• _YOUR TASK_: Please return the listing below exactly, without any of its pictures.

── DATA SEGMENT ──

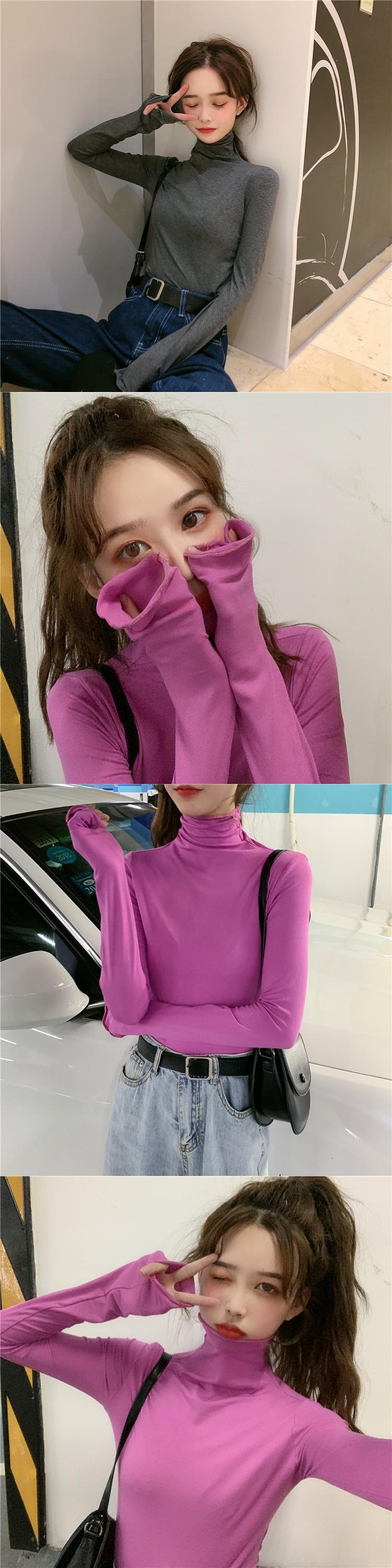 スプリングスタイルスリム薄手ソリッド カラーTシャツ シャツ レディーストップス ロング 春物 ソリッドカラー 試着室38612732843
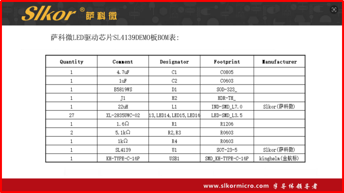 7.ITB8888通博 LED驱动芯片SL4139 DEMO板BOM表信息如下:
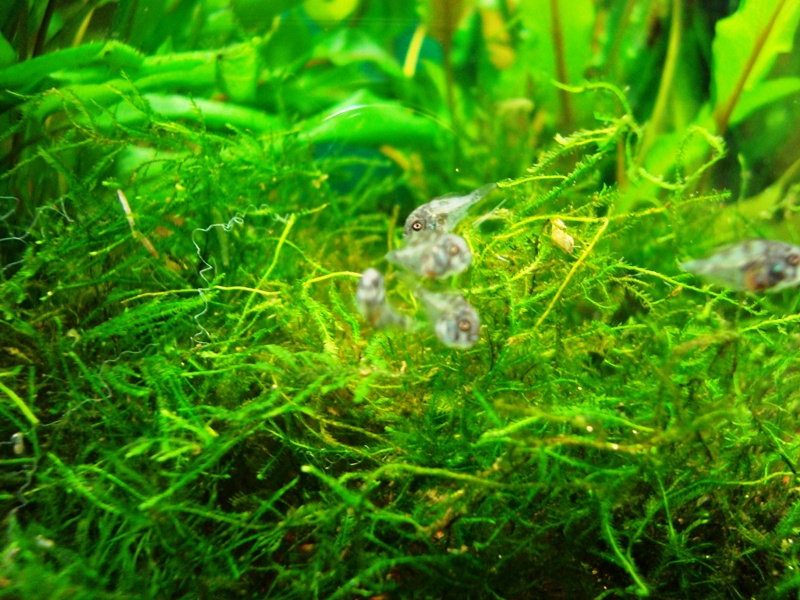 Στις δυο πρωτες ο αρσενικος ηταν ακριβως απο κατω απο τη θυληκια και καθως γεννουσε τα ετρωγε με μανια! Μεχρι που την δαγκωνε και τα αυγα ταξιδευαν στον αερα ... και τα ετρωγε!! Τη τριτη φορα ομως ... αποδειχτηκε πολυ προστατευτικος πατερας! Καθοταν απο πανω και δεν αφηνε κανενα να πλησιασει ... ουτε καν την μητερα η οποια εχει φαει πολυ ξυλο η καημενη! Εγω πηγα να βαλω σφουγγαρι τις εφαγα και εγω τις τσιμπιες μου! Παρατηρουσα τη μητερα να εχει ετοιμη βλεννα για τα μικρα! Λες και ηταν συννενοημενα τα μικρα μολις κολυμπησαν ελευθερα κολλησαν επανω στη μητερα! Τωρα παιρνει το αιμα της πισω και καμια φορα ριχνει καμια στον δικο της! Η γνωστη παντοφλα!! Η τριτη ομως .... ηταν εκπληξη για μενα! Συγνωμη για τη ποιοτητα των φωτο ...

───

• _SOLUTION_:
 スプリングスタイルスリム薄手ソリッド カラーTシャツ シャツ レディーストップス ロング 春物 ソリッドカラー 試着室38612732843
 7.ITB8888通博 LED驱动芯片SL4139 DEMO板BOM表信息如下:
 Στις δυο πρωτες ο αρσενικος ηταν ακριβως απο κατω απο τη θυληκια και καθως γεννουσε τα ετρωγε με μανια! Μεχρι που την δαγκωνε και τα αυγα ταξιδευαν στον αερα ... και τα ετρωγε!! Τη τριτη φορα ομως ... αποδειχτηκε πολυ προστατευτικος πατερας! Καθοταν απο πανω και δεν αφηνε κανενα να πλησιασει ... ουτε καν την μητερα η οποια εχει φαει πολυ ξυλο η καημενη! Εγω πηγα να βαλω σφουγγαρι τις εφαγα και εγω τις τσιμπιες μου! Παρατηρουσα τη μητερα να εχει ετοιμη βλεννα για τα μικρα! Λες και ηταν συννενοημενα τα μικρα μολις κολυμπησαν ελευθερα κολλησαν επανω στη μητερα! Τωρα παιρνει το αιμα της πισω και καμια φορα ριχνει καμια στον δικο της! Η γνωστη παντοφλα!! Η τριτη ομως .... ηταν εκπληξη για μενα! Συγνωμη για τη ποιοτητα των φωτο ...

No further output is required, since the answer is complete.